The UK’s curious plan to split the cost of giving F-16s to Kyiv conveniently ignores who controls them.
(Originally published May 17 in “What in the World“) British Prime Minister Rishi Sunak and his Dutch counterpart Mark Rutte agreed to form an international consortium that will provide F-16s to Ukraine, apparently in defiance of Washington’s refusal to do so.
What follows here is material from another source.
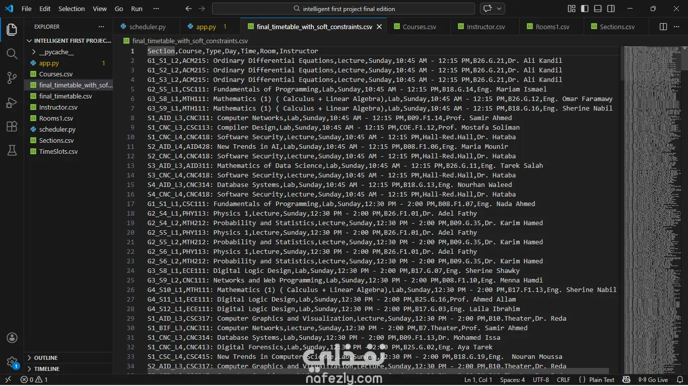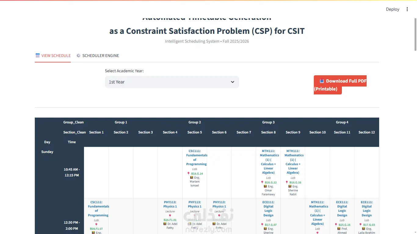 قمت بتطوير نظام متكامل ومؤتمت بالكامل لإنشاء الجداول الدراسية الجامعية (University Timetable Scheduling System) لقسم علوم الحاسب وتكنولوجيا المعلومات (CSIT). يهدف المشروع إلى حل مشكلة الجدولة المعقدة (NP-Hard Problem) التي تستغرق عادةً أياماً من العمل اليدوي، وإنجازها في دقائق معدودة بدقة 100%. المشكلة التي قمت بحلها: إنشاء جدول دراسي يأخذ في الاعتبار مئات القيود المتداخلة (توفر القاعات، تخصصات المحاضرين، عدم تعارض أوقات الطلاب، وسعة المعامل) هو تحدٍ رياضي وبرمجي كبير. الحل التقني والمميزات: قمت ببناء "محرك جدولة ذكي" (Intelligent Scheduling Engine) باستخدام لغة Python ومكتبات الذكاء الاصطناعي، ويتميز النظام بالتالي: منع التعارضات نهائياً (Hard Constraints): يضمن النظام عدم وجود أي تعارض في القاعات، أو أوقات المحاضرين، أو جداول الطلاب (Zero Conflicts). تحسين جودة الجدول (Soft Constraints Optimization): استخدام خوارزميات البحث الهجين (Hybrid Solver) التي تدمج بين (Backtracking) و (Hill Climbing) لتقليل الفجوات الزمنية (Gaps) بين المحاضرات وتجنب التأخير الدراسي، مما حقق تحسناً في جودة الجدول بنسبة 52%. لوحة تحكم تفاعلية (Interactive Dashboard): واجهة مستخدم متطورة باستخدام إطار عمل Streamlit تتيح للمستخدمين: تشغيل المحرك الذكي بضغطة زر. استعراض الجداول وتصفيتها حسب السنة الدراسية (L1, L2, L3, L4). تصدير الجداول النهائية بصيغة PDF جاهزة للطباعة أو ملفات CSV. معالجة القيود الهرمية: برمجة منطق متقدم للتعامل مع "المحاضرات المجمعة" (Unified Lecture Grouping) حيث يتم دمج عدة مجموعات في محاضرة واحدة، وفصلهم في المعامل العملية تلقائياً. التقنيات والأدوات المستخدمة: لغة البرمجة: Python. واجهة المستخدم: Streamlit. معالجة البيانات: Pandas. الخوارزميات: Constraint Satisfaction Problems (CSP), Heuristic Search (Fail-First), Hill Climbing. هذا المشروع يمثل نموذجاً قوياً لكيفية توظيف البرمجة لحل المشكلات الإدارية المعقدة وتوفير الوقت والمجهود

The consortium would seem to be like the one that this month supplied Ukraine with long-range Storm Shadow missiles, which can hit targets more than 100km away. Ukraine said it is already using its new Storm Shadows against Russian forces. The Storm Shadows overcame Washington’s refusal to give Ukraine long-range Atacms, which along with F-16s it fears Ukraine would use to launch attacks across the border inside Russia and risk provoking Russia and perhaps even China into open conflict with the North Atlantic Treaty Organization.
How the U.K. and the Netherlands intend to obtain Lockheed Martin-made F-16s without Washington’s approval is unclear. While weapons are made and sold by companies, the countries where they’re made retain the right to say where and to whom they can be sold or even resold. That’s why NATO’s provision of used Rheinmetall Leopard tanks to Ukraine required Germany’s say-so. Washington gave the Netherlands the okay to supply one of its Raytheon Patriot batteries to Ukraine, but a spokesman for the National Security Council said the White House’s position on F-16s for Ukraine remained the same: nope.
Ukraine is meanwhile making good use of its Patriot batteries, saying it was able to shoot down six of Russia’s most advanced hypersonic missiles, the Kinzhal. Ukraine didn’t say what it had used to shoot down the Kinzhals but said last week that one of its U.S.-supplied Patriot batteries had downed a Kinzhal, which Moscow has claimed is unstoppable. Russia said the opposite: that a Kinzhal had damaged a Patriot battery, which was confirmed by U.S. officials, who added that the Patriot was damaged but still operating. Russia also said Ukraine couldn’t have shot down six Kinzhals because it hadn’t even fired that many. So there.
Poland received its first Himars rocket launcher, one of 18 that are part of its $414 million order of launcher and ammo. Warsaw said it would station its first launcher in the country’s northeast, near the Russian enclave of Kaliningrad, and hopes to eventually buy 500 of the launchers.